Though the entries hold pictures, only their text should be duplicated, exactly and in full.

BEGIN EXERCISE MATERIAL

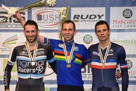 During fourteen hours at the Manchester Velodrome on Tuesday, twelve World titles were awarded to riders from around the World on Day 4 of the UCI World Masters Track Cycling Championships.
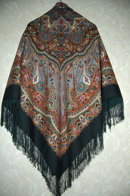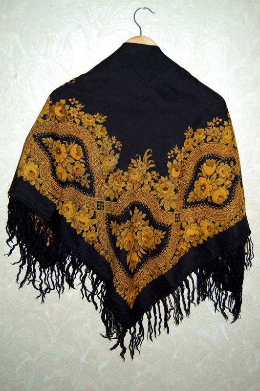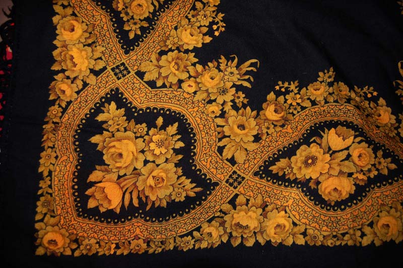 Мне мама отдала свой платок, который у нее уже много лет. Я не уверена, что это изделие павловопосадской мануфактуры, но может быть...? Бахрома шерстяная и очень уж похожа на павловопосадскую по способу крепления.
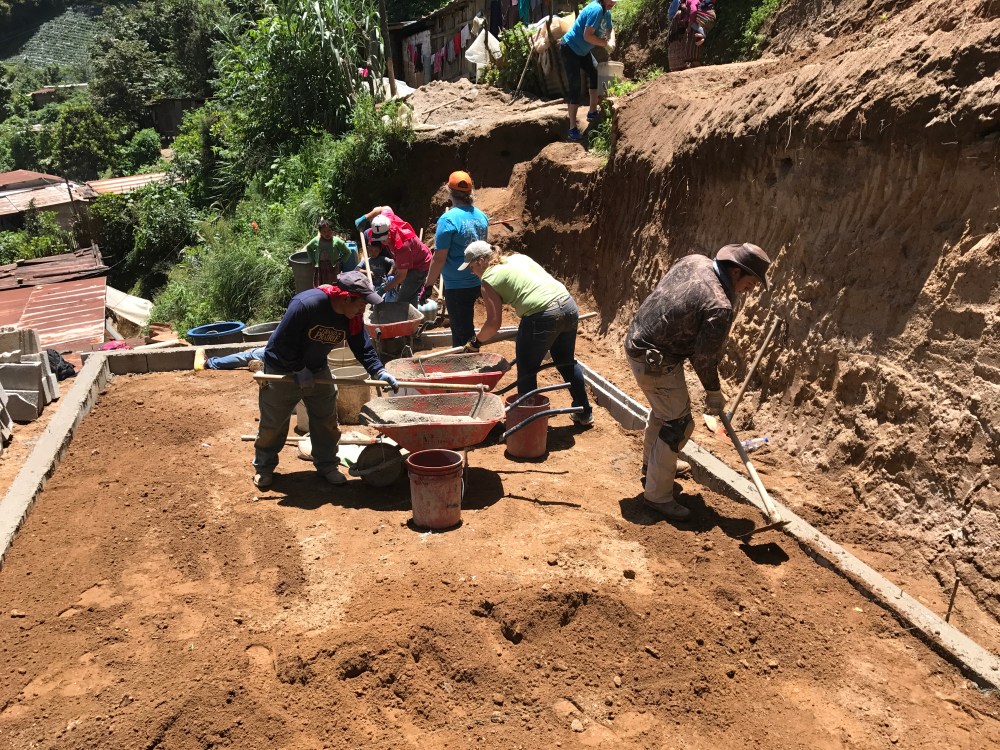 The first team moved dirt, prepared a foundation, mixed the cement, by hand, and laid concrete in the foundation and the floor of the 14 x 24 home. The home will be built tomorrow by one of our teams).
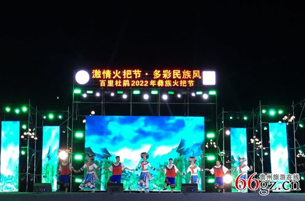 7月19日至22日,由百里杜鹃管理区彝学会、百里杜鹃旅游集团有限公司主办,贵州星绘创意文化传媒有限公司承办,毕节乌蒙演艺集团协办的彝族火把节,以“激情火把节·多彩民族风”为主题,举办了精彩纷呈的系列活动,旨在不断丰富百里杜鹃旅游要素和文化内涵,推动文旅融合高质量发展,促进贵州文化旅游进一步复苏。系列活动包括在百里杜鹃鹏程一期广场举行的“民族团结杯”乌蒙欢歌广场舞大赛、“京师杯”彝族音乐广场舞大赛,由民族民间艺术队和索玛艺术团在花瓣桥停车场举行的民族风情歌舞展演,在旅游服务中心举行的非遗传统医药及康养文化与旅游有机结合、推动旅游经济高质量发展的交流活动,在原索玛大草原巨石阵举行的神秘古朴的取火仪式等。
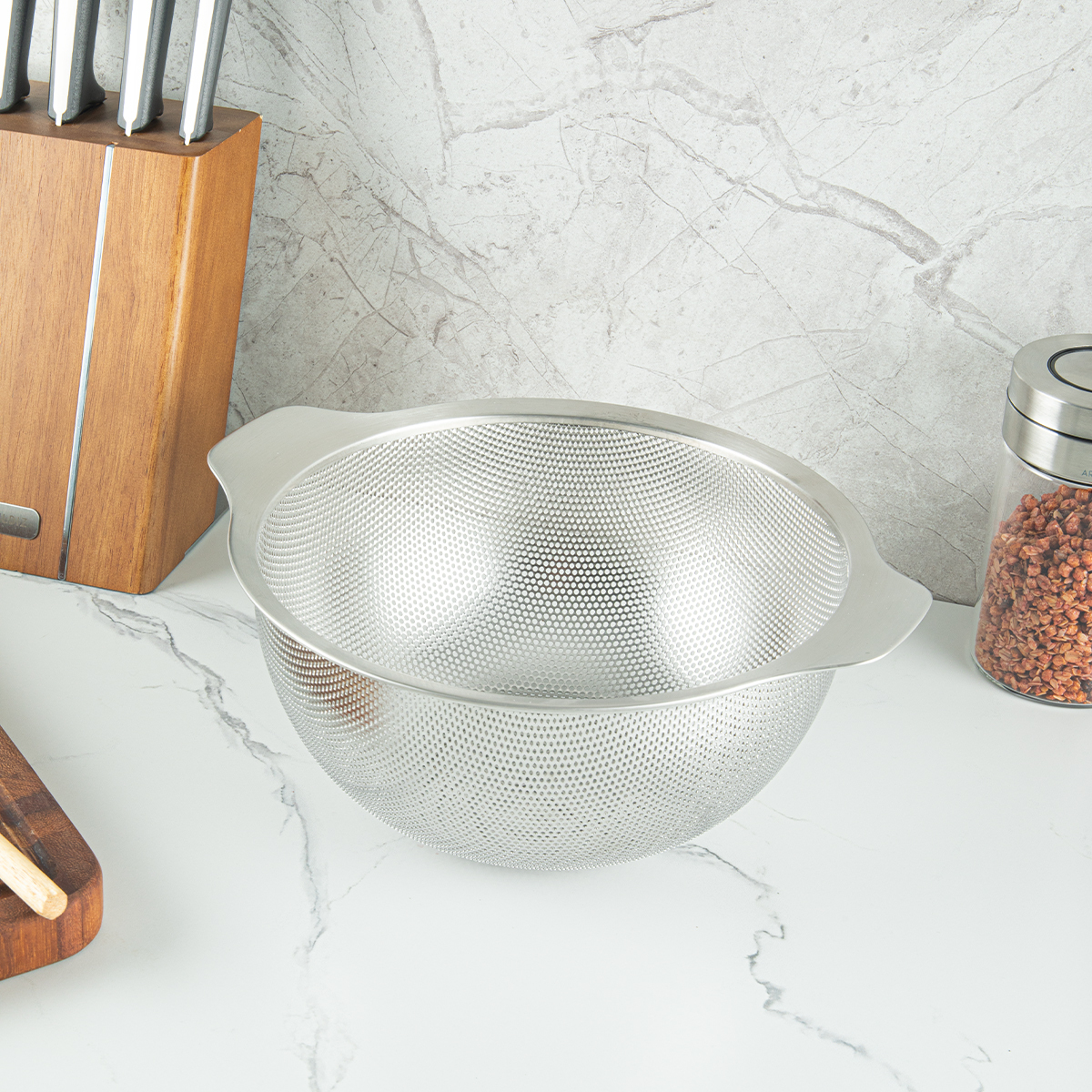 Paslanmaz çelikten üretilmiş olan bu süzgeç sepet, modern ve sade tasarımıyla her mutfağa uyum sağlar.
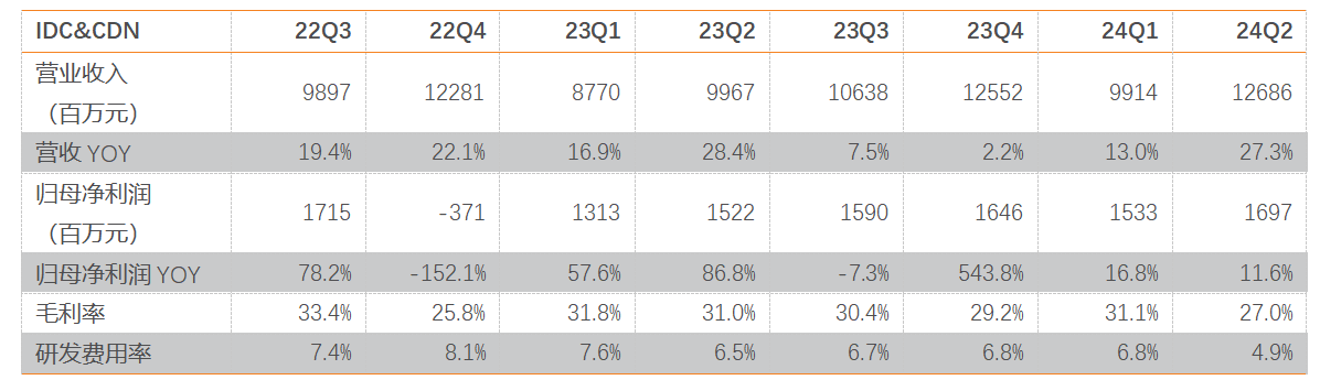 表2:IDC&CDN子行業(yè)財(cái)務(wù)數(shù)據(jù)匯總

END EXERCISE MATERIAL

**REPLY TO THE EXERCISE:**
 During fourteen hours at the Manchester Velodrome on Tuesday, twelve World titles were awarded to riders from around the World on Day 4 of the UCI World Masters Track Cycling Championships.
 Мне мама отдала свой платок, который у нее уже много лет. Я не уверена, что это изделие павловопосадской мануфактуры, но может быть...? Бахрома шерстяная и очень уж похожа на павловопосадскую по способу крепления.
 The first team moved dirt, prepared a foundation, mixed the cement, by hand, and laid concrete in the foundation and the floor of the 14 x 24 home. The home will be built tomorrow by one of our teams).
 7月19日至22日,由百里杜鹃管理区彝学会、百里杜鹃旅游集团有限公司主办,贵州星绘创意文化传媒有限公司承办,毕节乌蒙演艺集团协办的彝族火把节,以“激情火把节·多彩民族风”为主题,举办了精彩纷呈的系列活动,旨在不断丰富百里杜鹃旅游要素和文化内涵,推动文旅融合高质量发展,促进贵州文化旅游进一步复苏。系列活动包括在百里杜鹃鹏程一期广场举行的“民族团结杯”乌蒙欢歌广场舞大赛、“京师杯”彝族音乐广场舞大赛,由民族民间艺术队和索玛艺术团在花瓣桥停车场举行的民族风情歌舞展演,在旅游服务中心举行的非遗传统医药及康养文化与旅游有机结合、推动旅游经济高质量发展的交流活动,在原索玛大草原巨石阵举行的神秘古朴的取火仪式等。
 Paslanmaz çelikten üretilmiş olan bu süzgeç sepet, modern ve sade tasarımıyla her mutfağa uyum sağlar.
 表2:IDC&CDN子行業(yè)財(cái)務(wù)數(shù)據(jù)匯總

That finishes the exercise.